La guerra en Ucrania ha subrayado también la importancia de Rusia como objetivo estratégico. Estados Unidos usó información desclasificada para adelantar los planes de guerra del presidente ruso, Vladímir Putin, antes de la invasión y lograr la movilización diplomática de la comunidad internacional en favor de Kiev. Tanto China como Rusia han demostrado su capacidad para interferir en elecciones extranjeras y orquestado campañas de espionaje cibernético y corporativo. La invasión rusa de Ucrania es un precedente inquietante en torno al que han cerrado filas los halcones del Congreso, tanto republicanos como demócratas.

Pero no todos parecen apreciar el viraje. En declaraciones al diario The Wall Street Journal, el incombustible Henry Kissinger, que fuera secretario de Estado e instigador, entre otros, del golpe de Estado en Chile en 1973, dice ver una peligrosa falta de propósito estratégico en la política exterior de EE UU. Kissinger acaba de publicar un libro sobre liderazgo y advierte sin ambages de que su país se halla al borde de una guerra con China y Rusia: “Por problemas que hemos creado nosotros mismos, no tenemos ni idea de cómo resolver ni adónde van a llevar”. El halcón republicano denuncia una falta de liderazgo con visión estratégica, si bien no limita sus críticas a la actual Administración, que a finales de julio presentó un “mecanismo consultivo” EE UU-Afganistán para incrementar la colaboración, sobre todo en lo relativo a las mujeres y las niñas.

Quedan incógnitas de calado como Irán, protagonista recurrente de sobresaltos y potencial factor desestabilizador tanto en la región del Golfo como a consecuencia de su programa nuclear y su apoyo a milicias chiíes en Irak. También Turquía, con manos libres en el noroeste de Siria y sus maniobras desestabilizadoras en el Mediterráneo oriental, y a la que el comité de Exteriores del Senado tiene en la mira, al plantearse el eventual bloqueo de la venta de 40 cazas F-16 a Ankara.

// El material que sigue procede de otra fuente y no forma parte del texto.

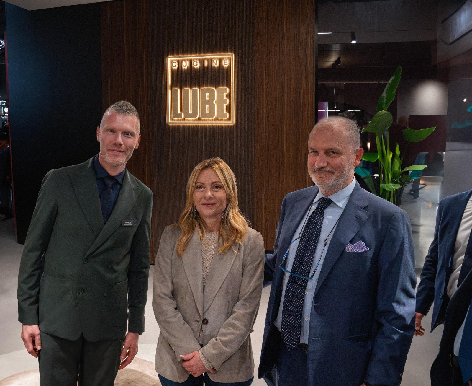 La premier Giorgia Meloni visita lo stand della Lube alla 64esima edizione del Salone del Mobile a Milano. La presidente del consiglio ha incontrato l’amministratore delegato di Gruppo Lube, Fabio Giulianelli, e la proprietà dell’azienda treiese.

Pero, pese a las variables que escapan a todo control, las de Irán en primer término, el éxito de la operación que mató a Al Zawahiri prueba la capacidad operativa del Pentágono sin necesidad de pisar el terreno. Cierto que los críticos subrayan la posibilidad de que Afganistán se haya convertido de nuevo en refugio de yihadistas, pero el golpe de gracia a Al Qaeda demuestra que EE UU sigue siendo el policía del mundo.